The word list doesn’t have some of the strings that the known codes like: XXX
and XTC
don’t appear, for example. I put those into the word list, and…
Hash 1 | Hash 2 | Buttons
---------|----------|--------
70153315 | 00000000 | XXXTUTUXTC
Hey, it’s one of the new ones!
The “no shadows” code
This new code turns off player shadows. On PlayStation, pause the game and hold L1
while entering X, X, X, Triangle, Up, Triangle, Up, X, Triangle, Circle
.
I’m not sure why you would want to do this, but maybe it’s a leftover from debugging?
It works by setting the address at 800d61e0
from a value of 0
to 1
. The function at 800756ec
checks whether the value is nonzero and bails out early if it is — so it’s presumably shadow-related code.
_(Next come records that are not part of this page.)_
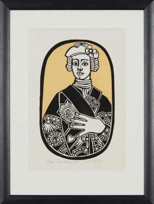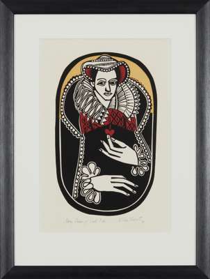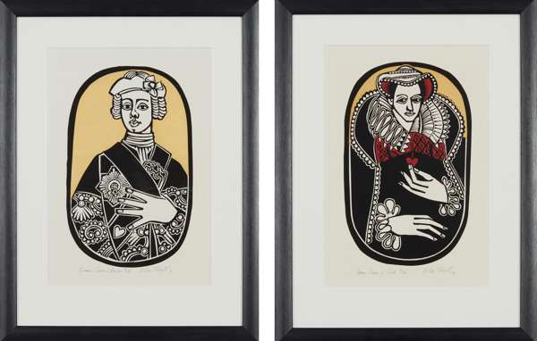 Note: Scottish printmaker Willie Rodger designed the award-winning Scottish Historical Playing Cards in 1974 for Angus Ogilvy of the Stirling Gallery. The original designs were cut in lino, his favoured printmaking medium, before bring printed as screenprints in an edition of 100 in 1975. The full set comprises 12 portraits depicting important figures in Scottish history, with two jokers: John Knox and Adam Smith.
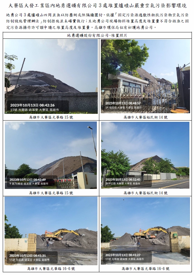環保局空汙與噪音管理科表示,接獲檢舉案,10月27日已前往地勇公司,地勇公司雖沒有依規定覆蓋,但有噴防止飛揚的噴劑,減少粉塵,已限期改善,最近會再前往,未達要求即依法告發。
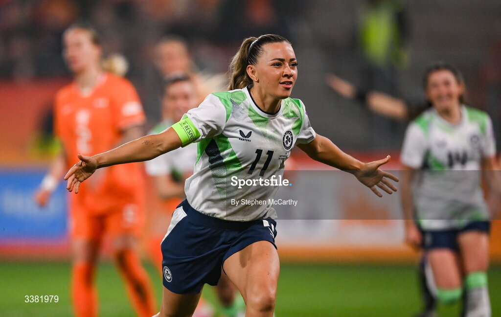 7 March 2026; Katie McCabe of Republic of Ireland celebrates after scoring her side's first goal, a penalty, during the 2027 FIFA Women’s World Cup Qualifier match between the Netherlands and Republic of Ireland at Stadion Galgenwaard in Utrecht, Netherlands. Photo by Stephen McCarthy/Sportsfile
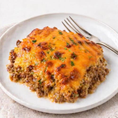Ground turkey or ground pork work great in place of beef — just note the flavor will be slightly lighter. You can swap cream of mushroom soup for cream of chicken or cream of celery if that’s what’s in your pantry.
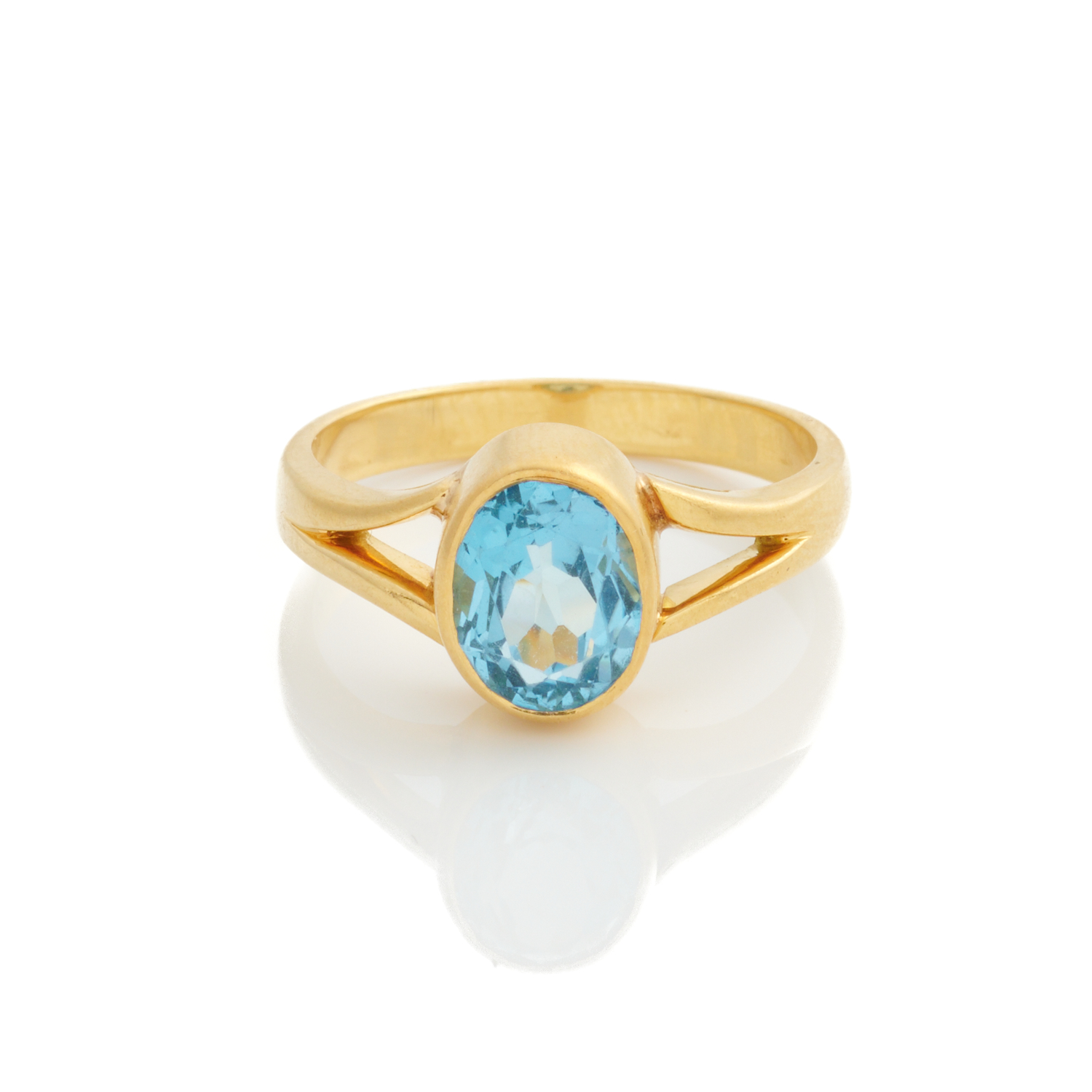 A TOPAZ RING IN 18CT GOLD, SIZE R, 5.5GMS

Alas, the effect doesn’t work on Dreamcast. The corresponding button sequence is A, A, A, Y, Up, Y, Up, A, Y, B
(while holding L
) is recognized — it makes the screen shake and sets a flag — but your shadow persists.
The “10x score” code
There’s still one code that my dictionary attack didn’t reveal. I tried a bunch of things to try to figure it out, but still couldn’t come up with it. I enlisted help from the SegaXtreme Discord, and several people there jumped into assist.
After lots of failed attempts, I noticed that the prototype versions of THPS2 (e.g.) have shorter versions of the codes. For example, “Skater gains" weight” code is XXXXL
in the prototype and XXXXL XXXXL XXXXL
in the final game.
With that in mind, I put all of the prototype code words into my dictionary. When I tried the attack again, the answer came out!
Hash 1 | Hash 2 | Buttons
---------|----------|--------
D7DDA9E0 | 8F37160D | TXTUDUTXTUDUTXTUDU
So the code is:
PlayStation: (Holding L1) Enter “Triangle, X, Triangle, Up, Down, Up” three times
Dreamcast: (Holding L) Enter “Y, A, Y, Up, Down, Up” three times
This sequence is a repeated version of the prototype’s TXT UDU “Score times 10” code.
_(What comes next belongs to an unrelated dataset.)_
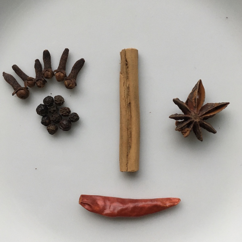 シナモン、クローブ、黒胡椒、赤唐辛子、スターアニスだ。
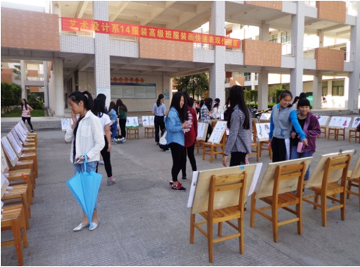為進(jìn)一步活躍校園藝術(shù)文化氣氛,加強(qiáng)學(xué)生交流,展示藝術(shù)設(shè)計(jì)系優(yōu)秀藝術(shù)底蘊(yùn)。4月14日,藝術(shù)設(shè)計(jì)系在八號(hào)樓廣場(chǎng)舉辦了14服裝高級(jí)班服裝畫快速表現(xiàn)作品展。

Here’s a video showing how things look without the cheat and then with the cheat:
On PlayStation the cheat sets the flag at 800d779c
. On Dreamcast its flag is at 8c1b5ce0
.
Outro
There were lots of contributors to this article — thanks to Vindico for identifying the effect of the “No shadow” cheat. And thanks to purist, Malenko, celeriyacc, erik, Knight0fDragon, Hassmaschine, and supahfly for contributing ideas, code, and number crunching power.
My Python code is here. I’m sure there’s a way to attack the hash function based on its lack of cryptographic strength. If you have an idea for that, do let me know.
For previous adventures in code finding, see my archive. Send me suggestions for other games to examine!
As usual I did this by comparing diffing memory snapshots and then loading one of the snapshots into Ghidra. You can easily do before-and-after memory comparisons with Cheat Engine.
The Nintendo 64 version recognizes 11 different cheat codes, all of which are already documented.